Here is my project for the Bring it to the table exhibition. I have had a lot of fun playing with sugar in all it's forms! See below for the outcome. Hope to see you on Sunday at the opening – spring, 126a Front Street, Brooklyn, New York, 11am-2pm.
Sugar is a food product that teeters somewhere between good and bad. Like salt, it is a product that is used by most of the world, regardless of development, infrastructure or GNP. However, its production has led to exploitation and clearing of forests to make way for planting more sugar cane in developing countries and its growth in popularity has led to the onslaught of obesity in both children and adults in developed countries. Conversely, sugar cane has also been developed as a feasible alternative energy source, making its very existence something we may depend upon more heavily in the future.

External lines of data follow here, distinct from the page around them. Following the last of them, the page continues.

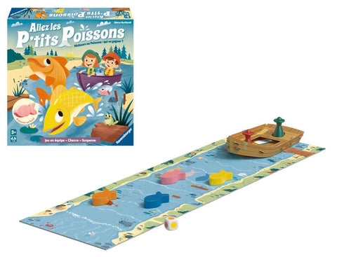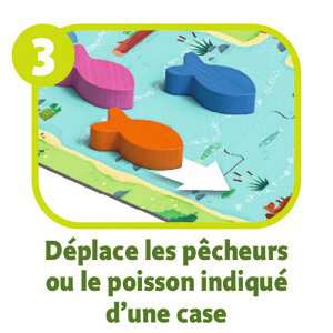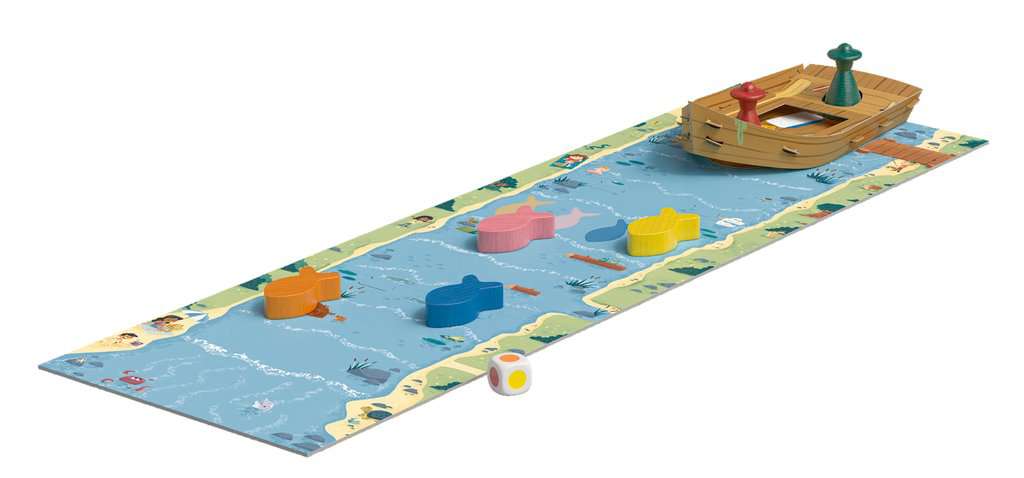 Il y a beaucoup d'agitation dans la rivière : les pêcheurs et les poissons font la course ! Lancez le dé et faites avancer d'une case soit le poisson de la couleur correspondante, soit le bateau avec les pêcheurs. Si les poissons atteignent la mer, ils sont sauvés ! Mais attention à ne pas se faire rattraper par les pêcheurs. En fin de partie, s'il y a plus de poissons sauvés que de poissons attrapés, l'équipe des poissons remporte la partie. Il faudra parfois faire un choix crucial !
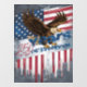 A bold, distressed illustration of a soaring bald eagle combined with vintage American symbolism. The worn textures and retro style evoke strength, freedom, and resilience, inspired by classic poster art.
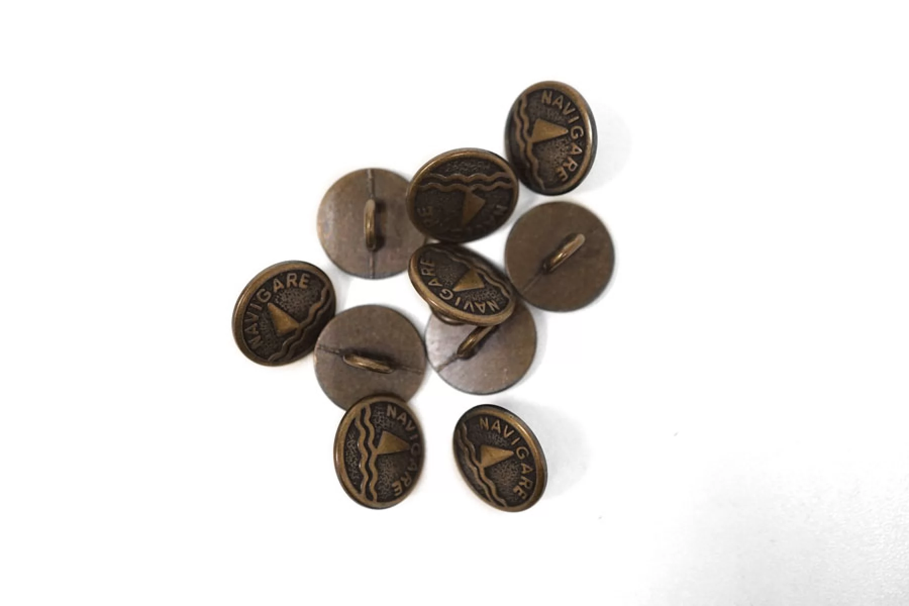 Пуговица металлическая бронзового цвета на ножке с изображением паруса , размер 15 мм.
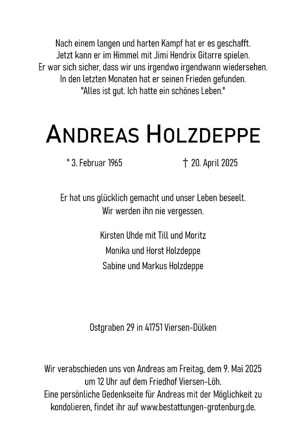 Fassungslos habe ich von Andreas seinem viel zu frühen Tod erfahren. Er hat bis zum Schluss gekämpft aber leider nicht gewonnen.

Considering the many faces that sugar takes, Natasha Chetiyawardana has explored sugar in its many forms for Spring gallery’s Bring it to the table project. Taking sugar in its original form, a pen was whittled from a piece of sugar cane, ready to chew on in that moment of thought and contemplation, hopefully there to provoke thought itself. Secondly, a sugar bowl was made from the by-product of sugar production, bagasse, the fibre that is left when the juice is extracted from the cane. The fibers were mixed with soy resin to create a new life for a waste product that is usually just burned. The third exploration was looking at sugar in its usually-consumed form, the sugar cube. As a nod to the ships that haul sugar across rivers and over oceans, a small boat made of sugar floats momentarily on the foam seas of a cappuccino and eventually sinks. A sugar man sits on the precipice that is the edge of a cup, dipping his feet into the drink to test the waters. A little poke from a sugar-hungry finger pushes him over the edge.